In one of his early poems entitled “Contagion” James Tate wrote: So this is the dark street/where only an angel lives/I never saw anything like it. I read that poem when I was twenty and saw the “dark street” as Emerson—saw the angel as Emerson’s strange angel which is also D.H. Lawrence’s strange angel, the wings are too much like ours; the wings are possibly sinister. In any case, we never saw anything like it and yet we always knew they were there—the wings, the humanoid specter, and our expectation they are a completion, one answer to the betrayals of phenomenology. Such a view is not Romantic, though plenty have said so. Its tougher. It took Freud and Jung to show us what the figurines mean: they’re neither enemy or friend, but fact. How you will live, in what manner you will live, depends on what you can challenge yourself to admit about the angels. The ones I’m talking about are freakish angels and not the sanitized “idea” of the angel that Wallace Stevens preferred. Stevens’ angels are like those paper wrapped seats in the washroom—sanitized for your protection—and so they are not angels at all. Here is what the angels felt like to Lawrence:

 

 

The Song of a Man Who has Come Through

 

 

Not I, not I, but the wind that blows through me!

A fine wind is blowing the new direction of Time.

If only I let it bear me, carry me, if only it carry me!

If only I am sensitive, subtle, oh, delicate, a winged gift!

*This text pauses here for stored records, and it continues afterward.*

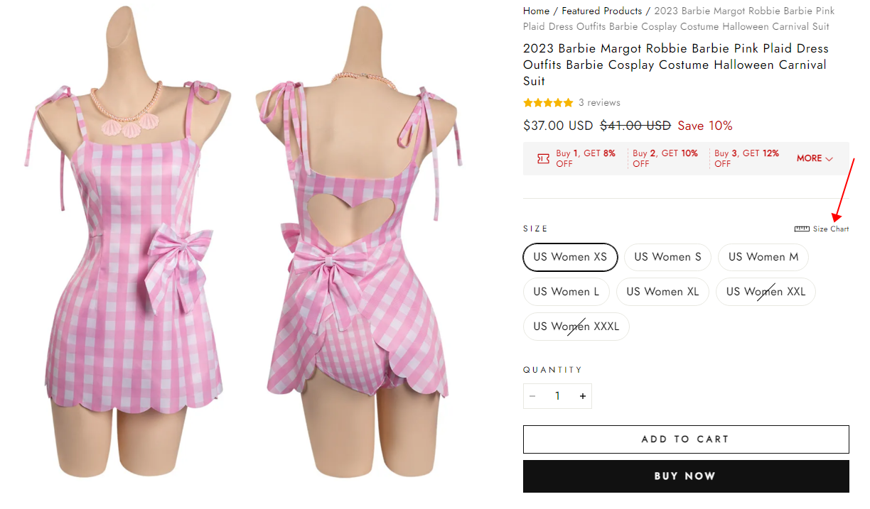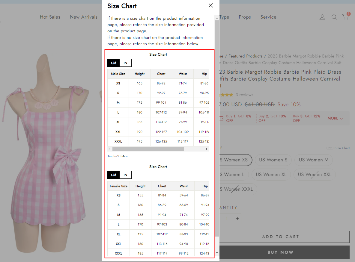 2. If there is no size chart on the product page, please click the "Size Chart" button.
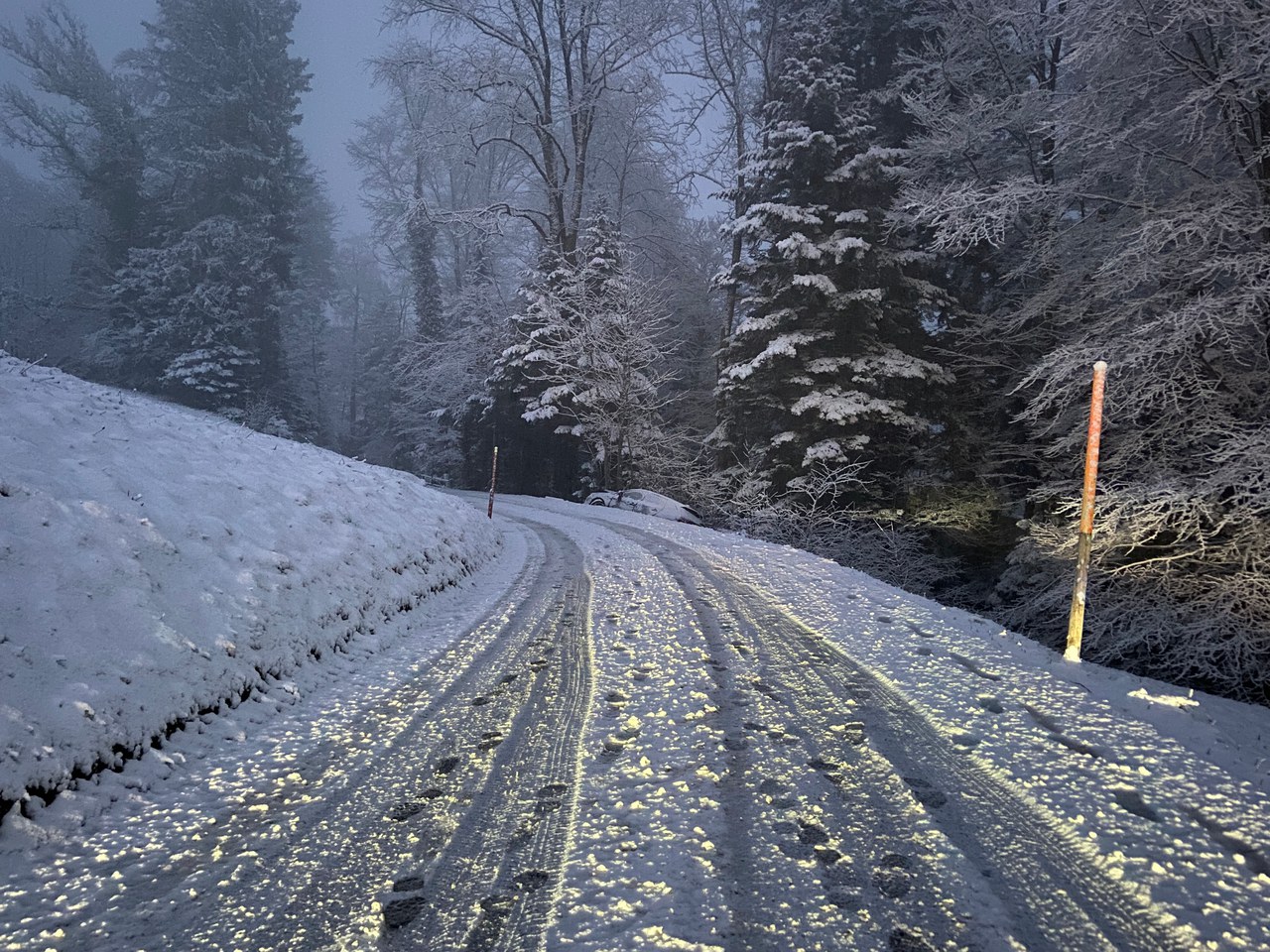 Oberägeri ZG – Selbstunfall auf schneebedeckter Strasse
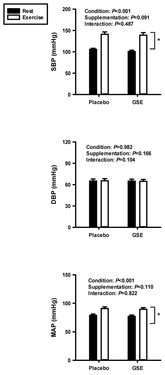 Systolic blood pressure (SBP), diastolic blood pressure (DBP), and mean arterial pressure (MAP) at rest and during cycling exercise after supplementation with PL and GSE. * Vertical bracket indicates significant condition effect.
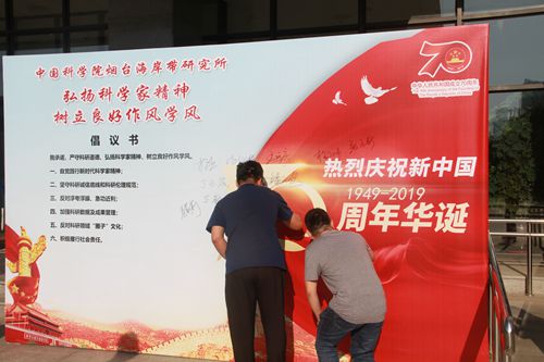 9月27-30日,在祖国70年华诞来临之际,为大力弘扬科学家精神,教育和引导科研人员树立良好作风学风,中国科学院烟台海岸带研究所党政领导班子成员、职工、研究生近200人郑重签名,承诺“弘扬科学家精神、树立良好作风学风”,表达了作为科技工作者坚定科技报国的决心和信念,并向祖国献上祝福。

If only, most lovely of all, I yield myself and am borrowed

By the fine, fine wind that takes its course though the chaos of the world

Like a fine, and exquisite chisel, a wedge-blade inserted;

If only I am keen and hard like the sheer tip of a wedge

Driven by invisible split, we shall come at the wonder, we shall find the Hesperides.

 

Oh, for the wonder that bubbles into my soul,

I would be a good fountain, a good well-head,

Would blur no whisper, spoil no expression.

 

What is the knocking?

What is the knocking at the door in the night?

It’s somebody wants to do us harm.

 

No, no, it is the three strange angels.

Admit them, admit them.

 

 

Notice Lawrence’s angel is both the man or woman who feels wind blowing inside the body and then the angel is, when more fully realized, like a fine chisel, a wedge that rents chaos—a dangerous tool to be sure. Lawrence’s angel is a wire that pierces. Oh its imagination alright. Its your dream. Its your fear about the future. Its your regret about the past. Its your dead father tuning a piano in the underworld. As Robert Bly would say: Its the distance between the head and the feet as we lie down. The freaky angel is us and not us unless we reckon with time. Its our ambition. Our completion. Its the hard work of consciousness which must admit what’s under the boat. (Ahab) or cry because space has pierced us with a sharp tip (Emerson’s cosmological Boston Commons). I like the word “freaky” better than strange. Freaky can’t be domesticated though we build churches or sideshows and put angels on pedestals so the frightened gazers can gaze and then go home saying, “well, I saw it—good thing it is not me.” 

 

But of course the “freaky angel” turns up. It knocks if you’re lucky. Lawrence was lucky. His angels passed right through his carapace of fear, the lobster back of the psyche, and then he was stronger, undoubtedly weirder, perhaps thinner, maybe with the taste of honey and excrement in his mouth, happy to the point of rending his garments, and sharp, very sharp.